Single by R.K.M & Ken-Y

from the album The Royalty: La Realeza
- Released: August 26, 2008
- Recorded: 2008
- Genre: Latin pop, Cumbia, Merengue
- Length: 3:59
- Label: Pina Records, Machete Music
- Songwriters: Jose Nieves, Kenny Vazquez
- Producers: Los Magnificos, Mambo Kingz, Janet Santiago

R.K.M & Ken-Y singles chronology
| "Mis Días Sin Ti" (2007) | "Te Regalo Amores" (2008) | "Más" (2010) |

Audio sample
- A 28 second sample of "Te Regalo Amores" featuring the remix version with part of Ivy Queen's verse, the chorus performed by Ken-Y, and part of R.K.M's verse.file; help;

= Te Regalo Amores =

"Te Regalo Amores" (English: I'll Give You Love) is a song by Puerto Rican reggaeton duo R.K.M & Ken-Y from their second studio album The Royalty: La Realeza (2008). It was written by Jose Nieves and Kenny Vazquez, produced by Los Magnificos, Mambo Kings, and Janet Santiago and released as the second single from the album on August 26, 2008. A remix version with Ivy Queen was recorded and also included on the album. The song is a mixture of Cumbia and Merengue to create a lighter Latin pop sound.

The song's accompanying music video was released on September 26, 2008. It features a telenovela type setting and plot. It has attained over ten million views. The music video to remix version was released on November 26, 2008. It features Queen, as she appears and performs her verses. Queen's remix has attained over 100 million views.

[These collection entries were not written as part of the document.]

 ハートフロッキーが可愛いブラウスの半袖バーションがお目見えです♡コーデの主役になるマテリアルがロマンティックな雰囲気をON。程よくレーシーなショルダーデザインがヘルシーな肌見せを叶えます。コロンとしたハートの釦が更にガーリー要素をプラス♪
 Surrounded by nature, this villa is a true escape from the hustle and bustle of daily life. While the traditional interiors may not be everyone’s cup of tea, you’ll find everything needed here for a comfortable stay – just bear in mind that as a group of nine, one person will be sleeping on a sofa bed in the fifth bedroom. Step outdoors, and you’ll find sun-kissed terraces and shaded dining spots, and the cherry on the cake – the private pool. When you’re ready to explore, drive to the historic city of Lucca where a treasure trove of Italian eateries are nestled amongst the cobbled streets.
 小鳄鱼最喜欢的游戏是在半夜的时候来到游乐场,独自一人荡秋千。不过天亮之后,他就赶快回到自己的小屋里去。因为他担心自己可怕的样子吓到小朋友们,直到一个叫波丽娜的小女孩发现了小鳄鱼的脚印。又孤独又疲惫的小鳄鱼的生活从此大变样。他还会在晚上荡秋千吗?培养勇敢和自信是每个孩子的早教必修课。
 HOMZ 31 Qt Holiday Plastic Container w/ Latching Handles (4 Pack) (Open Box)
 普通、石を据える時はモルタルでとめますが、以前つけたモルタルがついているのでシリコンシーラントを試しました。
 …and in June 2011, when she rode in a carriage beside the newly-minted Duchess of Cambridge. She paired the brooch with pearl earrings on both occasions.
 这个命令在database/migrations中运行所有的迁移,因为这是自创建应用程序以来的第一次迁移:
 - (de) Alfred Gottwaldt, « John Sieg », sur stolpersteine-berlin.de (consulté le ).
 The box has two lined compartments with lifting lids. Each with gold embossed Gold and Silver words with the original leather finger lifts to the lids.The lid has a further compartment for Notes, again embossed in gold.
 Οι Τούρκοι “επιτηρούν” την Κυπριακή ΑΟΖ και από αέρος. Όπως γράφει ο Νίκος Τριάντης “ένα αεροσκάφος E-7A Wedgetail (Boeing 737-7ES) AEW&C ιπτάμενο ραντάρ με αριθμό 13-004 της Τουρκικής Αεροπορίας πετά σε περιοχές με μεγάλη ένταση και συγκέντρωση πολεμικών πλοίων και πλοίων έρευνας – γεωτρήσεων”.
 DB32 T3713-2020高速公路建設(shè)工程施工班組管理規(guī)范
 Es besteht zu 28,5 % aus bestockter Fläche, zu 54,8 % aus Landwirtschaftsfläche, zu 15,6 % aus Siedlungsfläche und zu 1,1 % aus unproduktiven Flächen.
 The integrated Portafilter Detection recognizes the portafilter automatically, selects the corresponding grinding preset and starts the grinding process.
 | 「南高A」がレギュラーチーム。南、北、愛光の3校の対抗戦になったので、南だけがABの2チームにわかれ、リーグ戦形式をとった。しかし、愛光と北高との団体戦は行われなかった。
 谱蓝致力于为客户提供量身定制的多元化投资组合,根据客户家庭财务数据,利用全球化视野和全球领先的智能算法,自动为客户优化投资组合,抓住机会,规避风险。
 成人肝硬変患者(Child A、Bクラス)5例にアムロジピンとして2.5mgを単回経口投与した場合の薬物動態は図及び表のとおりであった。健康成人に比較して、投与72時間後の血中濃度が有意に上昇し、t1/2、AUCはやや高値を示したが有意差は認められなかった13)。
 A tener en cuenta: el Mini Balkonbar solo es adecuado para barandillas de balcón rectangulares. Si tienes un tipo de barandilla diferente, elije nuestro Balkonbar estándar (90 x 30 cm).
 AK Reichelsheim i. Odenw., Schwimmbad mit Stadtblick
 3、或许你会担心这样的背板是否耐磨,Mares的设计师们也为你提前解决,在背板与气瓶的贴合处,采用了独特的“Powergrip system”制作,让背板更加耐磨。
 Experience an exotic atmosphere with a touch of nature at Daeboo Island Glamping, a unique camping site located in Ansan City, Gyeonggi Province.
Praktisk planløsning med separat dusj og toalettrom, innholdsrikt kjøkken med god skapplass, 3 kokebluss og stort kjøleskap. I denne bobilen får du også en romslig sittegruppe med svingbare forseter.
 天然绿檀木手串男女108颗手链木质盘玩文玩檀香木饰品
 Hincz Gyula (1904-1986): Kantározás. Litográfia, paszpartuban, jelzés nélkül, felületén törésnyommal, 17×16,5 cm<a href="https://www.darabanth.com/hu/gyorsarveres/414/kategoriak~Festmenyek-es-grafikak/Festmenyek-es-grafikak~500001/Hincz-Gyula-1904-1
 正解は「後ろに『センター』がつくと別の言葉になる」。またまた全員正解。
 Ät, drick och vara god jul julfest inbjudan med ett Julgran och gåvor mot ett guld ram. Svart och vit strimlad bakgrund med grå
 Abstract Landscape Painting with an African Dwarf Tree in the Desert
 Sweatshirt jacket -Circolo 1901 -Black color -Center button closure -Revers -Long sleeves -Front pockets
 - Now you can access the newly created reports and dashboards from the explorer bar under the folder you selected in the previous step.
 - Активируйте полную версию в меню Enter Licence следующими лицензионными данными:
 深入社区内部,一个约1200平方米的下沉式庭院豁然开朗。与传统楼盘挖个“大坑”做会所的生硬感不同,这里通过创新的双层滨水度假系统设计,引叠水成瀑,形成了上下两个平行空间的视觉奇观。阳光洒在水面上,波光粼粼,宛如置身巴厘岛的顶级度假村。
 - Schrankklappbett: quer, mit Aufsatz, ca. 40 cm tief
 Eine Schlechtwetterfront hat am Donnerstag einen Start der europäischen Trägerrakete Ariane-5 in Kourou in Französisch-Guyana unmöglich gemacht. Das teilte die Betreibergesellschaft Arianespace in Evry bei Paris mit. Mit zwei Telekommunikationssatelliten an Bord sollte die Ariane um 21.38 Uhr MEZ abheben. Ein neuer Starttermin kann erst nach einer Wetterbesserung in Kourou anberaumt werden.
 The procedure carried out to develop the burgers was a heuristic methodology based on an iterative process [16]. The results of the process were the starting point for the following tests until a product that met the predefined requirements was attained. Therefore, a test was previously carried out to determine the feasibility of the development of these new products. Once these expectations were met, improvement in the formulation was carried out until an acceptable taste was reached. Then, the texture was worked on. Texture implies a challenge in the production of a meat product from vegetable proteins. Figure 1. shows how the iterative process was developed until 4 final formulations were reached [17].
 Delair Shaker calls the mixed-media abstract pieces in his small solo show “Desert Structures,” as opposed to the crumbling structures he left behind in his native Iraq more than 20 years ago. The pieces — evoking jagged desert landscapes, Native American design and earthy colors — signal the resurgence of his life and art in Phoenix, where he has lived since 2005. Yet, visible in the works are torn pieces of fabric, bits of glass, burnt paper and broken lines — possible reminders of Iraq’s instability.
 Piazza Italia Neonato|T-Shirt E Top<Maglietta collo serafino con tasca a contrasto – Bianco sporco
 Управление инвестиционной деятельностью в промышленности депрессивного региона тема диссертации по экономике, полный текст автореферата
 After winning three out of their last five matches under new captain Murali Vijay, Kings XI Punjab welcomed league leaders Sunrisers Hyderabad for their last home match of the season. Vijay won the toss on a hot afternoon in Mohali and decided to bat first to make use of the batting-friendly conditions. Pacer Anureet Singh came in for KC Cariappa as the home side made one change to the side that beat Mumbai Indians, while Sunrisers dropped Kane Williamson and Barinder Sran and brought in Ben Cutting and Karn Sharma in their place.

== Song information and composition ==
"Te Regalo Amores" was written by Jose Nieves and Kenny Vazquez, the duo known artistically as R.K.M & Ken-Y. It was produced by the Puerto Rican reggaetón production duo Mambo Kingz who also produced "Come On", "Puedo Reír", "Presiento", "Cuerpo Sensual", "Si Tú Me Amaras", and "Noche de Dos (Ven)" from the album. The song is a blend of Cumbia and Merengue to form a more lighter Latin pop sound. A remix version with Puerto Rican singer Ivy Queen was included on the album. A separate remix version with Dominican singer Rubby Perez was included on his 2010 album, Genial. Dominican salsa singer José Alberto "El Canario" recorded his own version of the song which appears on his 2011 album, Original.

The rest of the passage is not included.